Magnetic-resonance study of the diluted magnetic semiconductor Pb1−x−ySnyMnxTe

Abstract

Electron paramagnetic resonance (EPR) was investigated in samples of the magnetically diluted semiconductor ${\mathrm{Pb}}_{1\mathrm{-}\mathit{x}\mathrm{-}\mathit{y}}$ ${\mathrm{Sn}}_{\mathit{y}}$ ${\mathrm{Mn}}_{\mathit{x}}$Te in the temperature range T=1.3–100 K. The samples had compositions in the range x=0.005–0.06,y=0.12–0.72 and carrier concentrations between p=1.6×${10}^{19}$ and 1.4×${10}^{21}$ ${\mathrm{cm}}^{\mathrm{-}3}$. The temperature dependence of the EPR linewidth is strongly dependent on the carrier concentration.

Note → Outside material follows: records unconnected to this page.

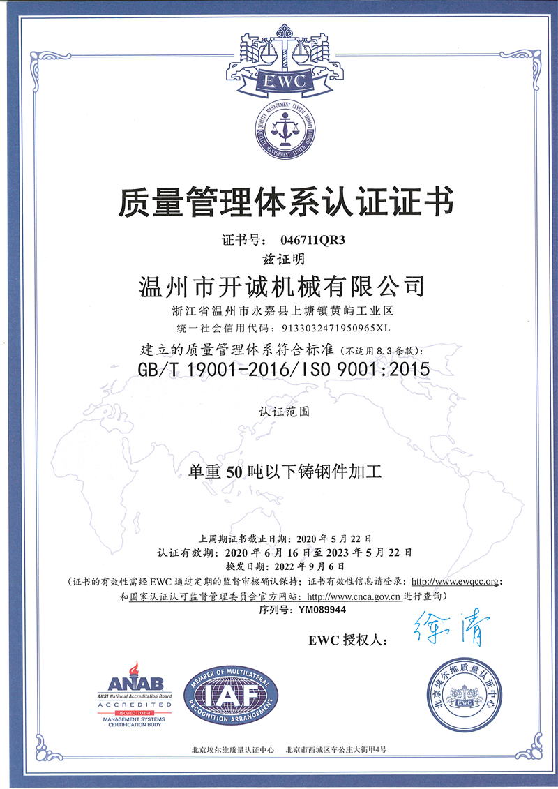 质量管理体系认证证书(温州)
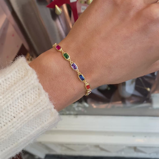 Sunshine CZ Tennis Bracelet | Multi Coloured Emerald Cut CZs | 925 Silver Gold Plated
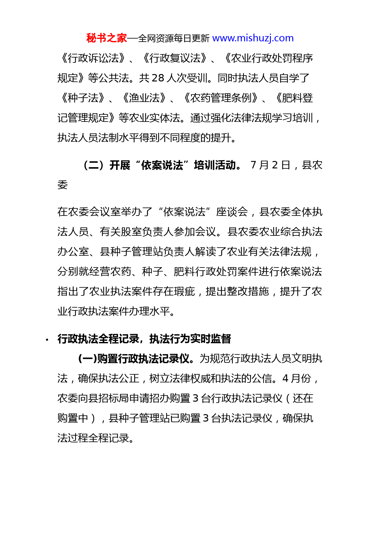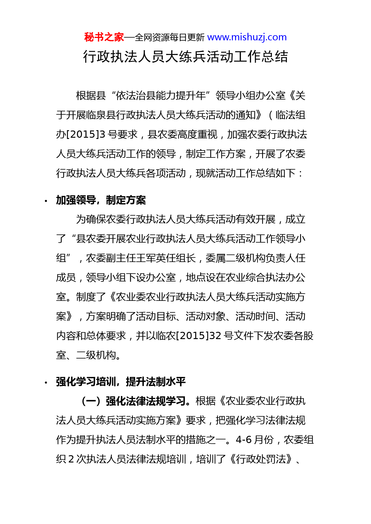 秘书之家—全网资源每日更新www.mishuzj.com行政执法人员大练兵活动工作总结根据县“依法治县能力提升年”领导小组办公室《关于开展临泉县行政执法人员大练兵活动的通知》(临法组办[2015]3号要求,县农委高度重视,加强农委行政执法人员大练兵活动工作的领导,制定工作方案,开展了农委行政执法人员大练兵各项活动,现就活动工作总结如下:加强领导,制定方案为确保农委行政执法人员大练兵活动有效开展,成立了“县农委开展农业行政执法人员大练兵活动工作领导小组”,农委副主任王军英任组长,委属二级机构负责人任成员,领导小组下设办公室,地点设在农业综合执法办公室。制度了《农业委农业行政执法人员大练兵活动实施方案》,方案明确了活动目标、活动对象、活动时间、活动内容和总体要求,并以临农[2015]32号文件下发农委各股室、二级机构。强化学习培训,提升法制水平(一)强化法律法规学习。根据《农业委农业行政执法人员大练兵活动实施方案》要求,把强化学习法律法规作为提升执法人员法制水平的措施之一。4-6月份,农委组织2次执法人员法律法规培训,培训了《行政处罚法》、秘书之家—全网资源每日更新www.mishuzj.com《行政诉讼法》、《行政复议法》、《农业行政处罚程序规定》等公共法。共28人次受训。同时执法人员自学了《种子法》、《渔业法》、《农药管理条例》、《肥料登记管理规定》等农业实体法。通过强化法律法规学习培训,执法人员法制水平得到不同程度的提升。(二)开展“依案说法”培训活动。7月2日,县农委在农委会议室举办了“依案说法”座谈会,县农委全体执法人员、有关股室负责人参加会议。县农委农业综合执法办公室、县种子管理站负责人解读了农业有关法律法规,分别就经营农药、种子、肥料行政处罚案件进行依案说法指出了农业执法案件存在瑕疵,提出整改措施,提升了农业行政执法案件办理水平。行政执法全程记录,执法行为实时监督(一)购置行政执法记录仪。为规范行政执法人员文明执法,确保执法公正,树立法律权威和执法的公信。4月份,农委向县招标局申请招办购置3台行政执法记录仪(还在购置中),县种子管理站已购置3台执法记录仪,确保执法过程全程记录。秘书之家—全网资源每日更新www.mishuzj.com(二)实行农业执法巡查记录制度。在农业行政执法过程中,执法人员对被执法检查单位、检查内容、存在问题进行现场记录,填写《农业行政执法巡查记录表》,一式二份,被检查当事人确认签字后,当事人、行政执法单位各保存一份。实行农业执法巡查记录制度是对农业执法人员的保护,也是对执法人员执法行为的监督。四、积极参与行政执法,进行业务大练兵按照《农业委农业行政执法人员大练兵活动实施方案》要求,农业执法人员全部积极参与农业行政执法和行政处罚案件办理活动,学用结合,学以致用。通过执法检查、案件办理在规范执法行为,规范执法程序,提高执法技能和案件办理质量等方面,全面提升执法人员执法能力。4-6月份,参与农业执法人员共434人次,检查市场117个次,办理行政执法案件14件。通过执法人员大练兵活动,执法人员的执法行为规范、执法效率、案件办理质量都有所提升。
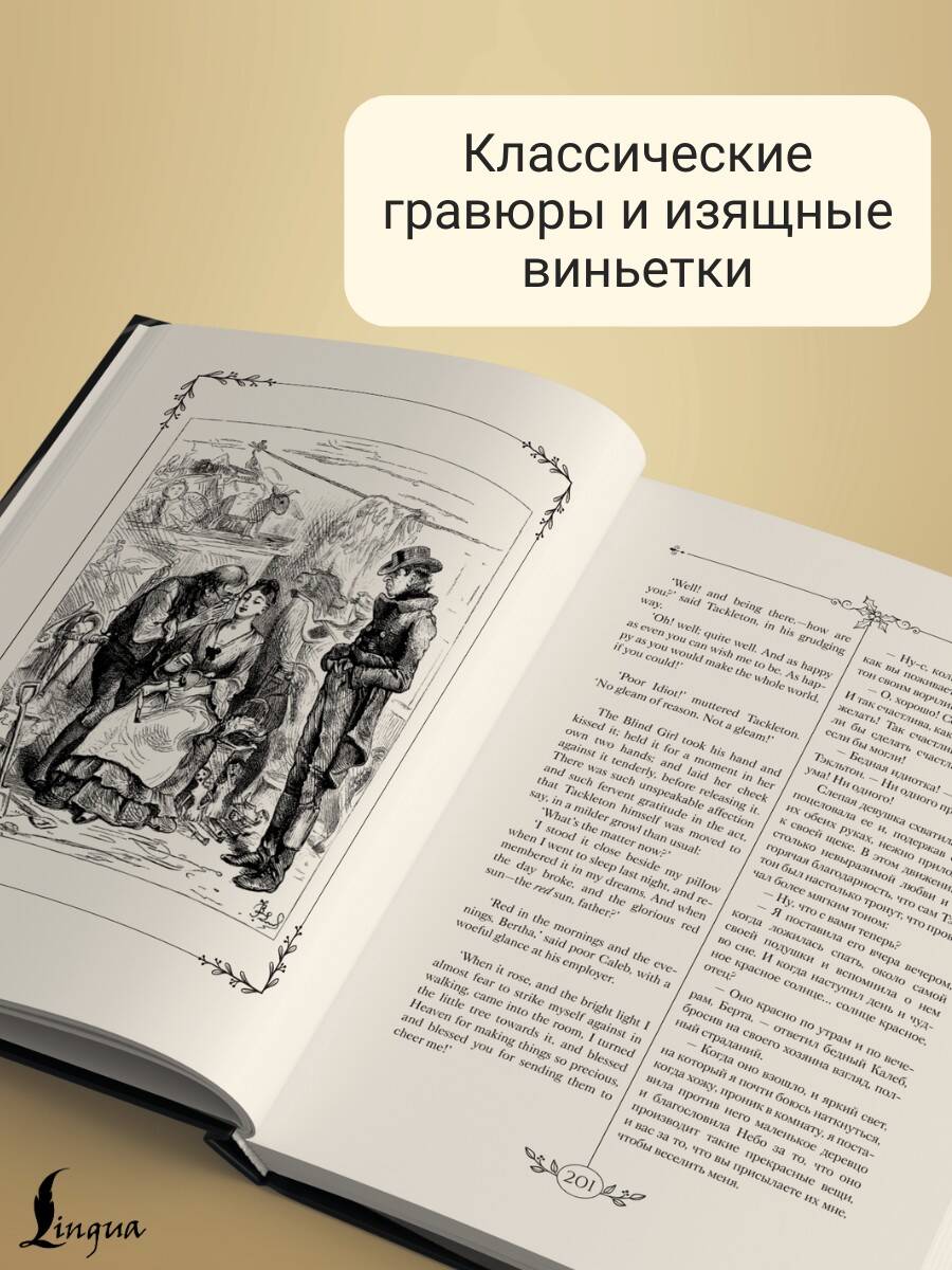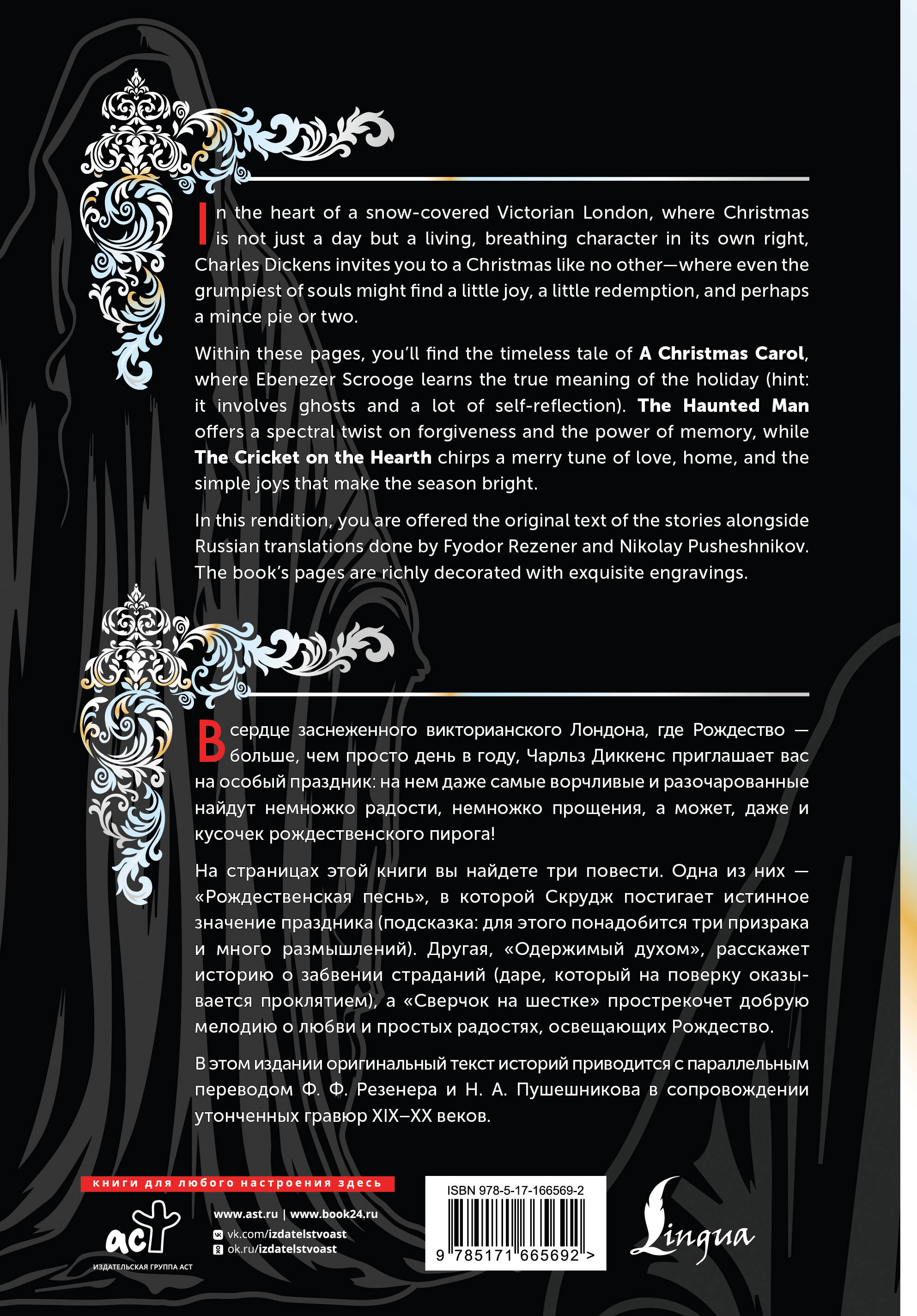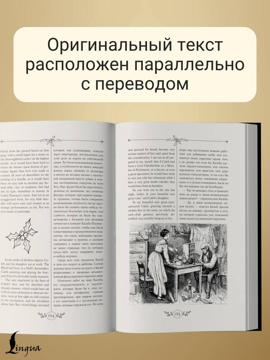 Начав искать идеальный рецепт волшебной зимней книги, мы взяли вечернюю снежную улицу старого Лондона, добавили к ней щедрую порцию викторианского очарования, щепотку мерцающих огоньков на елках, сдобрили все это остроумием Чарльза Диккенса и дали настояться в атмосфере добра и прощения - так мы получили этот праздничный сборник. В нем каждая история пропитана мягким юмором и душевным теплом, как изысканный пирог, замешанный на радости и домашнем уюте. "Рождественская песнь в прозе" - его основа: мрачный Скрудж, варящийся в собственном соку, внезапно открывает для себя радость щедрости и любви. "Сверчок на шестке" - хрустящий рождественский крекер, наполненный домашним уютом и семейным счастьем, а "Одержимый духом" - пикантное угощение с привкусом тайн и прощения, оставляющее долгое и теплое послевкусие. Мы подаем эти истории вместе с их русскими переводами, заботливо выполненными Федором Федоровичем Резенером и Николаем Алексеевичем Пушешниковым, на страницах, украшенных изысканными гравюрами. Для удобства чтения русский текст расположен параллельно с английским, что позволит без труда сравнивать оригинал с переводом, обращать внимание на трудности, с которыми сталкивался переводчик, и отмечать наиболее точно переведенные фрагменты. Обложка книги дополнена переливающейся, словно замерзшее окошко, голографической фольгой и приятна на ощупь благодаря контрасту матовых и глянцевых поверхностей. Ленточка ляссе поможет не потерять страницу, отвлекшись на приготовления к празднику и время с близкими. Книгу можно приобрести не только для своей коллекции, но и в качестве подарка дорогим и близким людям на Рождество, Новый год или день рождения.| Издательство | Издательство "АСТ" |

This can be understood within the framework of the Korringa relaxation mechanism and the two-valence-band model of magnetic properties of these crystals. For samples with high carrier concentrations (ferromagnetic at low temperatures) we obtained an s-d exchange integral of ${\mathit{J}}_{\mathit{s}\mathit{d}}$=33±2 meV. The role of metal vacancies in the effect of electron bottleneck of the EPR is also discussed.